WORK TO COMPLETE.
Look through the data below for the line with "The Bristol 8-light" and the line with "먼저 웹사이트관리 >", then transcribe exactly from the first through the second, leaving out all pictures.

DATA TO EXAMINE.

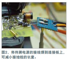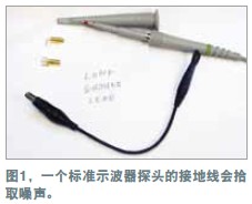 在測量電源軌的紋波時(shí),必須盡量減小噪聲,因?yàn)榧y波幅度可能很小。示波器探頭是基本的測量工具,但它們可能引入噪聲與誤差。地線(如與標(biāo)準(zhǔn)示波器探頭連接的那根線)可能增加一些不會出現(xiàn)在示波器軌跡上的電路噪聲。線路環(huán)就像一根天線,會提取周圍的雜散磁場。環(huán)路面積越大,提取的噪聲就越多。為證明這個理論,可將示波器地線連接到探頭尖端,然后到處移動。示波器會隨著地線的移動而顯示出噪聲的增減。用一個示波器探頭及其地線和插座可以做一個簡單的連接板(圖1)。
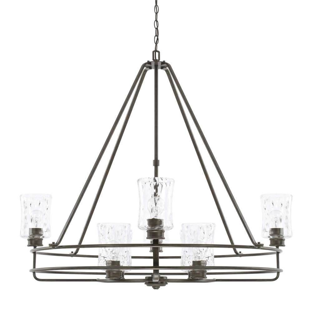 The Bristol 8-light large chandelier channels modern farmhouse style with a gridded frame fashioned after a rustic basket. Clear Water glass shades arranged in a tiered configuration soften the lines, lending visual and textural contrast. Speaking to industrial farmhouse, rustic contemporary and vintage-inspired aesthetics, this light fixture is designed to be the centerpiece of a kitchen, living room or dining room.
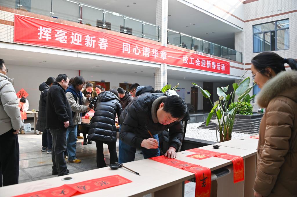 为营造浓厚的节日氛围,弘扬传统文化,传递温情与祝福,1月13日下午,学校工会携手全体教职工在立德楼五楼中厅举办喜迎新春体验活动。教职工们欢聚一堂,通过书写春联、题写“福”字、体验传统拓印等丰富多彩的活动,共同感受中华传统文化的独特魅力。
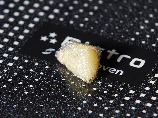 ① 薄皮を付けたまま、ラップに包み庫内中央に置く。
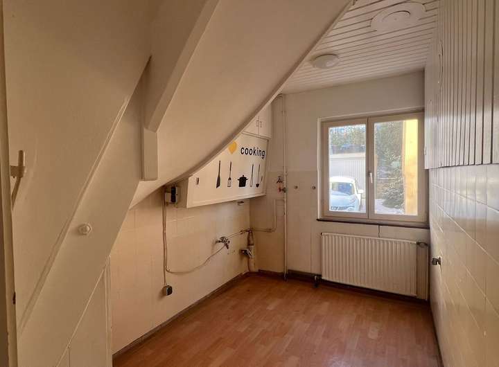 Über den Flurbereich gelangen Sie auch in die Küche. Das Haus wird ohne Einbauküche vermietet. Hier dürfen Sie sich also genau so einrichten, wie Sie es gerne hätten.
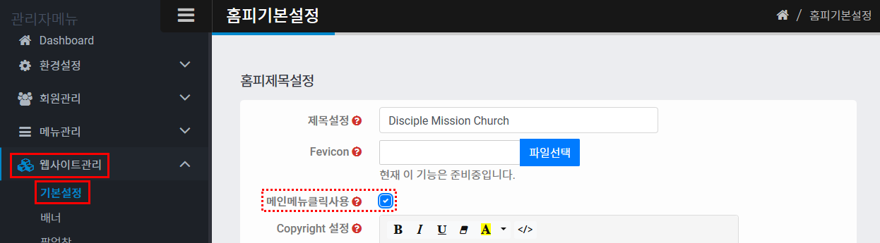 먼저 웹사이트관리 > 기본설정에서 메인메뉴클릭사용을 선택하여 줍니다. 그리고 하단의 "
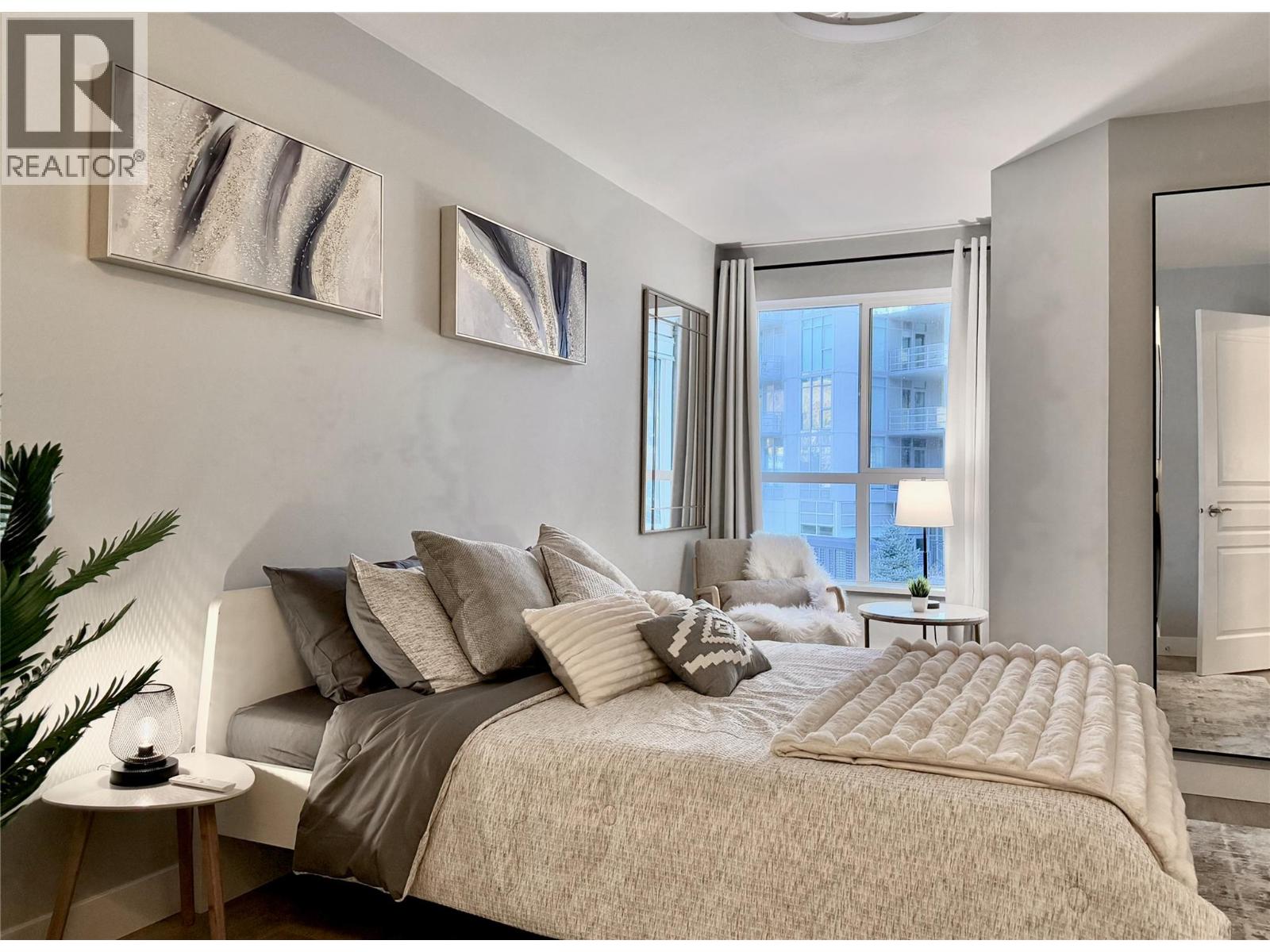 FULLY FURNISHED + ACCESSORIES AND MORE! Unpack your bags and move right into this fully furnished, completely renovated executive condo offering the largest floor plan in its class, featuring an oversized bedroom with extra sitting area plus a versatile bonus room. Located in the highly sought-after Waterscapes resort-style community, you’re steps to restaurants, bars, shopping, and the cultural district, while enjoying premium finishes, accessories, and appliances throughout. Highlights include a new 55” Samsung “The Frame” 4K TV, new Samsung S/S appliances, upgraded flooring, dimmable & tuneable lighting, a flush-mount bedroom ceiling fan, Whirlpool washer and dryer, Blackout curtains, new patio furniture with planter boxes, premium linens, queen bed, and an extensive collection of new furniture, decor, artwork, and accessories (all items in photos included, excluding laptop). Residents enjoy exceptional amenities including a hotel-style pool, two hot tubs (one heated year-round), a fully equipped fitness centre, and the Cascade Lounge with billiards, fireplace, BBQs, and more, this building is directly connected to the amenities so no need to go outside. The 735 sq. ft. condo also offers underground parking next to the elevator, a fully covered balcony with propane BBQ, A/C, espresso kitchen cabinetry, oversized bedroom with walk-in closet, office-style bonus room (or guest space), shower/tub combo, pet-friendly, storage lockers, and underground EV charging stations. (id:58842)

SOLUTION.
 The Bristol 8-light large chandelier channels modern farmhouse style with a gridded frame fashioned after a rustic basket. Clear Water glass shades arranged in a tiered configuration soften the lines, lending visual and textural contrast. Speaking to industrial farmhouse, rustic contemporary and vintage-inspired aesthetics, this light fixture is designed to be the centerpiece of a kitchen, living room or dining room.
 为营造浓厚的节日氛围,弘扬传统文化,传递温情与祝福,1月13日下午,学校工会携手全体教职工在立德楼五楼中厅举办喜迎新春体验活动。教职工们欢聚一堂,通过书写春联、题写“福”字、体验传统拓印等丰富多彩的活动,共同感受中华传统文化的独特魅力。
 ① 薄皮を付けたまま、ラップに包み庫内中央に置く。
 Über den Flurbereich gelangen Sie auch in die Küche. Das Haus wird ohne Einbauküche vermietet. Hier dürfen Sie sich also genau so einrichten, wie Sie es gerne hätten.
 먼저 웹사이트관리 > 기본설정에서 메인메뉴클릭사용을 선택하여 줍니다. 그리고 하단의 "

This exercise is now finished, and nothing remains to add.